• _Task goal_
Set down the lines below, exactly, starting at the one that contains "Among all, the" and stopping at the last line, inclusive. Omit pictures.

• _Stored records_
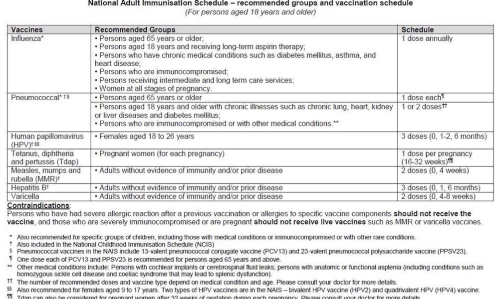 Singapore’s Ministry of Health (MOH) announced the National Adult Immunization Schedule (NAIS) yesterday. This is a welcome extension of the National Childhood Immunization Programme (into adulthood), and the amendment to allow the use of Medisave (Singapore’s compulsory national medical savings scheme) for these vaccines (up to SGD400 a year) will facilitate take up of the NAIS.
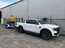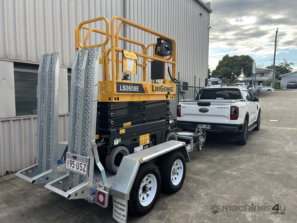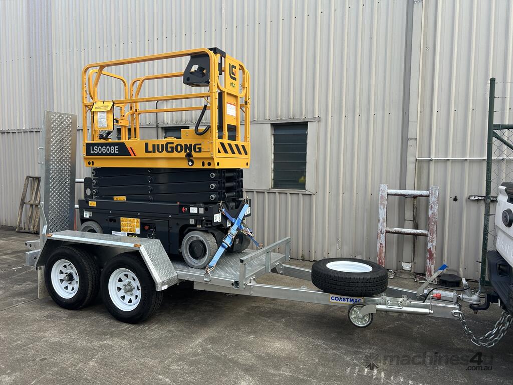 Luigong Australia LSC 0607DE Electric Scissor Lift with 7.8 metre working height and Galvanised PT20 Coastmac 2000kg ATM trailer package.
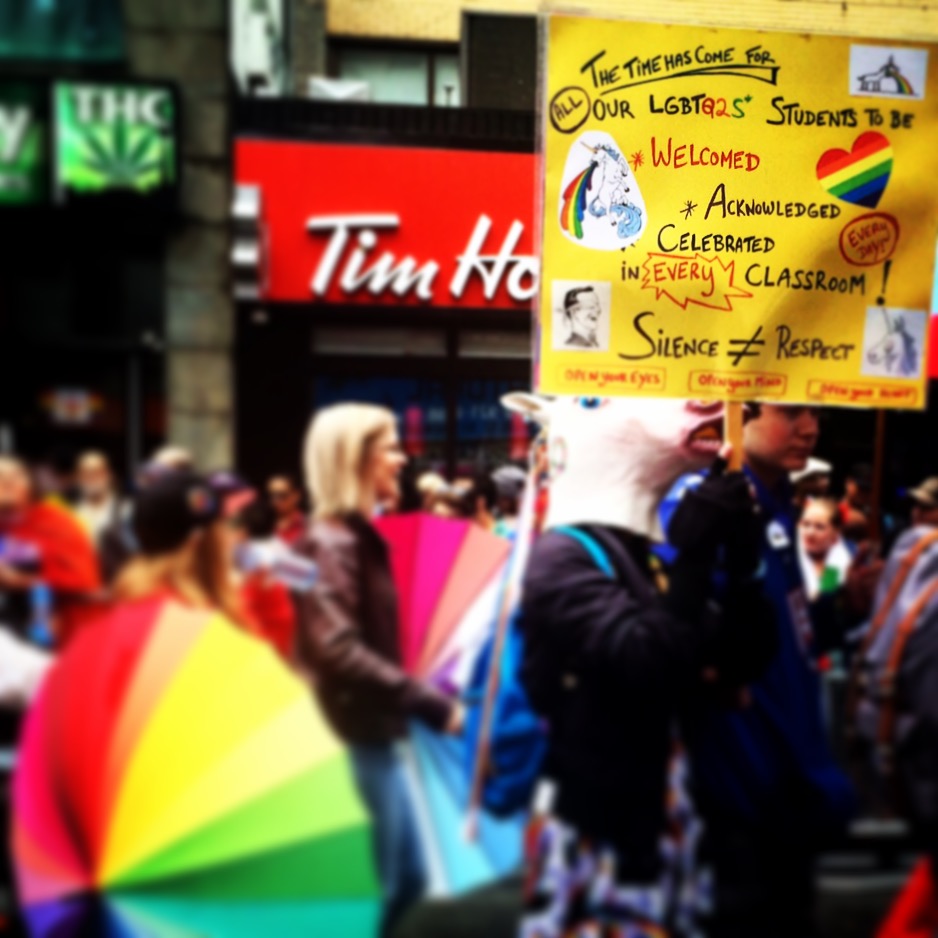 Among all, the most moving group in my eyes is Toronto PFLAG – Parents, Families and Friends of Lesbians and Gays. It is sad that there are still many parents who do not accept their children’s sexual orientation, thus, seeing a group of loving and supportive parents with signs that says “I love my gay son” and “love is a family value” really touched me deeply.
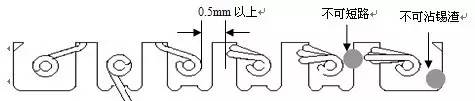 2)点锡适量,焊点须光滑,不可带刺,点锡时间不可太长,以免烧坏胶带;
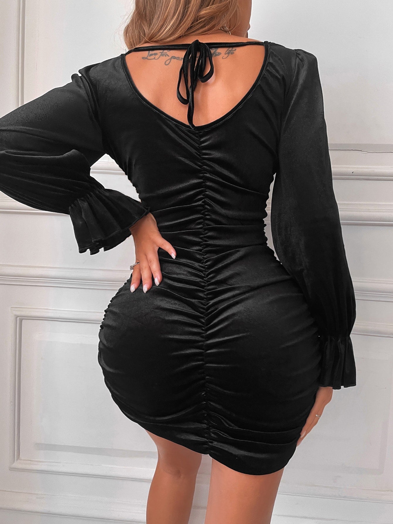 Flounce Sleeve Square Neck Ruched Tie Back Velvet Bodycon Dress
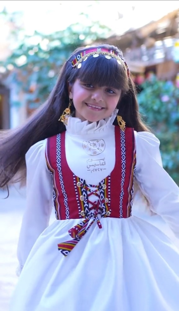 فستان بناتي يوم التأسيس بالون الابيض مع سدو تصميم عصري

• _Output for this task_
 Among all, the most moving group in my eyes is Toronto PFLAG – Parents, Families and Friends of Lesbians and Gays. It is sad that there are still many parents who do not accept their children’s sexual orientation, thus, seeing a group of loving and supportive parents with signs that says “I love my gay son” and “love is a family value” really touched me deeply.
 2)点锡适量,焊点须光滑,不可带刺,点锡时间不可太长,以免烧坏胶带;
 Flounce Sleeve Square Neck Ruched Tie Back Velvet Bodycon Dress
 فستان بناتي يوم التأسيس بالون الابيض مع سدو تصميم عصري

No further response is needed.